The HGNC pages also refere to a "CD nomenclature" which I need to find more information on. Possible explanatory pages are at

www.hlda8.org/CD1toCD247.htm
www.hlda8.org/HLDAtoHCDM.htm

Apparently CD stands for Cell Differentiation and this group is very interested in antibodies to various cell differentiation molecules.

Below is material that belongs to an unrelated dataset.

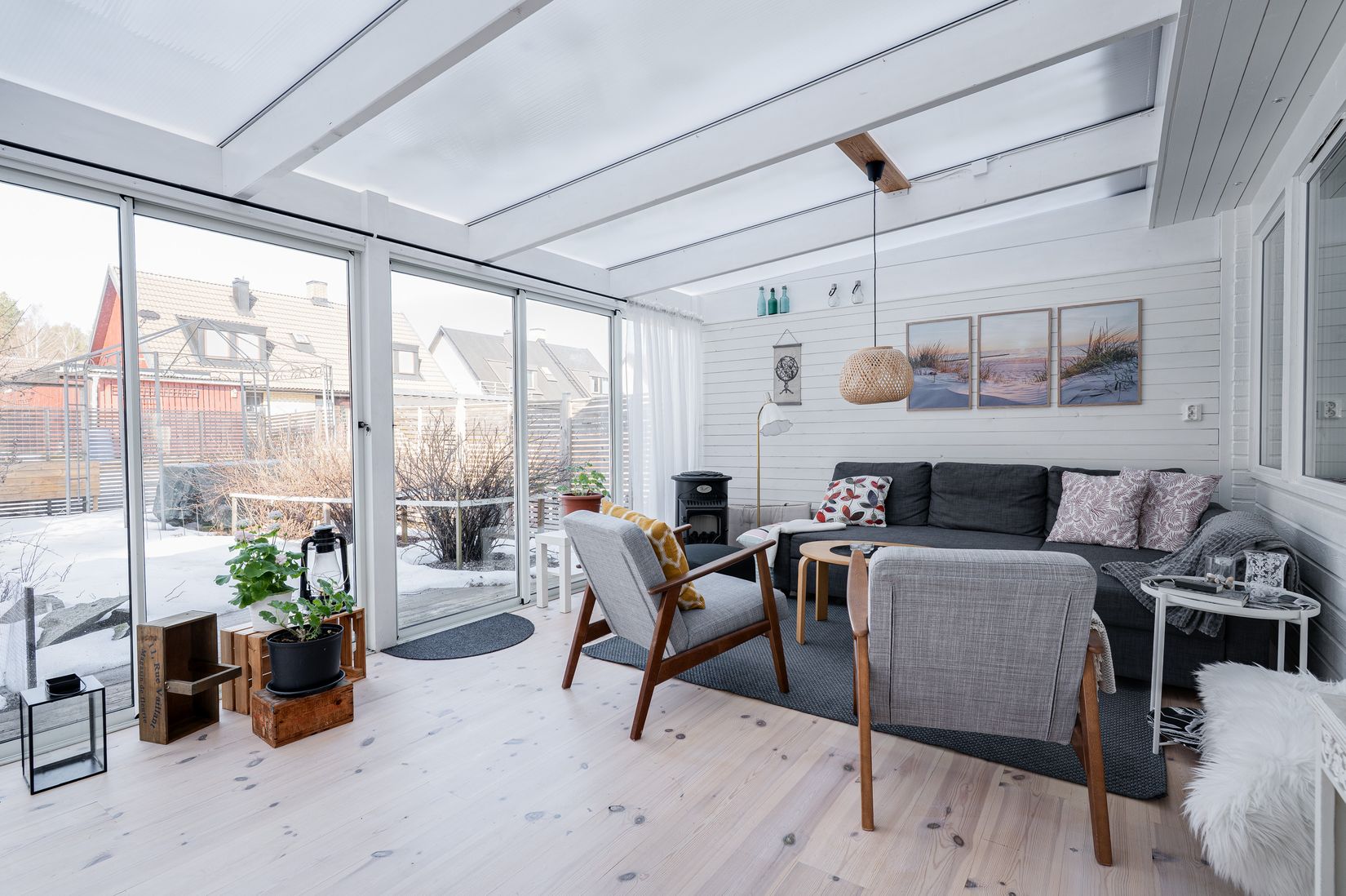 Bottenvåningen har öppen planlösning mellan kök och vardagsrum, ett sovrum och ett badrum, medan övervåningen rymmer tre sovrum, ett allrum och ytterligare ett badrum – perfekt för barnens egna rum och lekytor. Den inglasade uterummet från 2019 förlänger utomhussäsongen och blir en naturlig samlingsplats för hela familjen.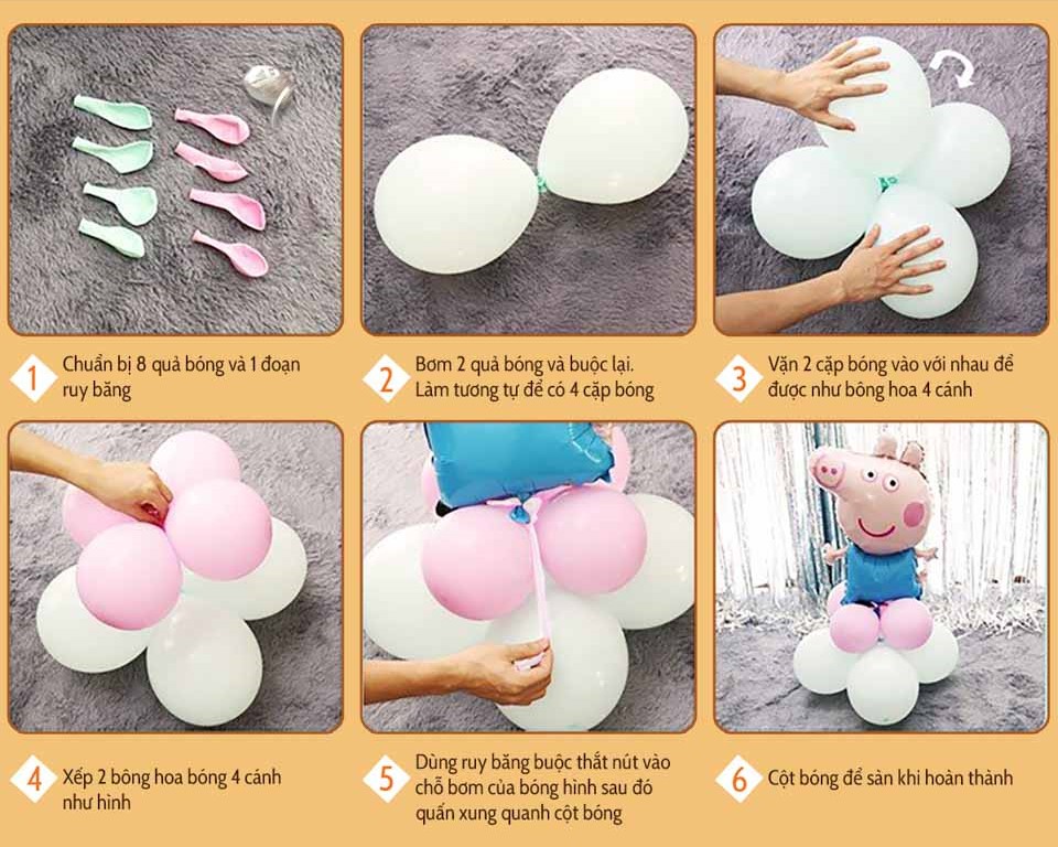*** Mách nhỏ khách iu: Nếu khách iu mới làm lần đầu chưa có kinh nghiệm thì nên bơm những quả bóng ít quan trọng trước cho quen tay, nếu nhỡ may có lỗi hỏng thì không bị ảnh hưởng gì đến bố cục chính của phông sinh nhật trang trí ạ.

Looking further down the Google list, a description of Cyclin D1 also appears in the Human Protein Reference Database. According to the main page of this site,

The Human Protein Reference Database represents a centralized platform to visually depict and integrate information pertaining to domain architecture, post-translational modifications, interaction networks and disease association for each protein in the human proteome. All the information in HPRD has been manually extracted from the literature by expert biologists who read, interpret and analyze the published data. HPRD has been created using an object oriented database in Zope, an open source web application server, that provides versatility in query functions and allows data to be displayed dynamically. www.hprd.org

Eventually, I want to integrate information from this search with my weblog entries:

Naming conventions for genes, proteins, etc. (September 8, 2005)
Finding more information about a gene (September 6, 2005)

and some of the material on data management of a microarray experiment:

Stats: Importing data from a microarray experiment

in particular, the section titled "Selecting a subset of genes from the prenatal liver study."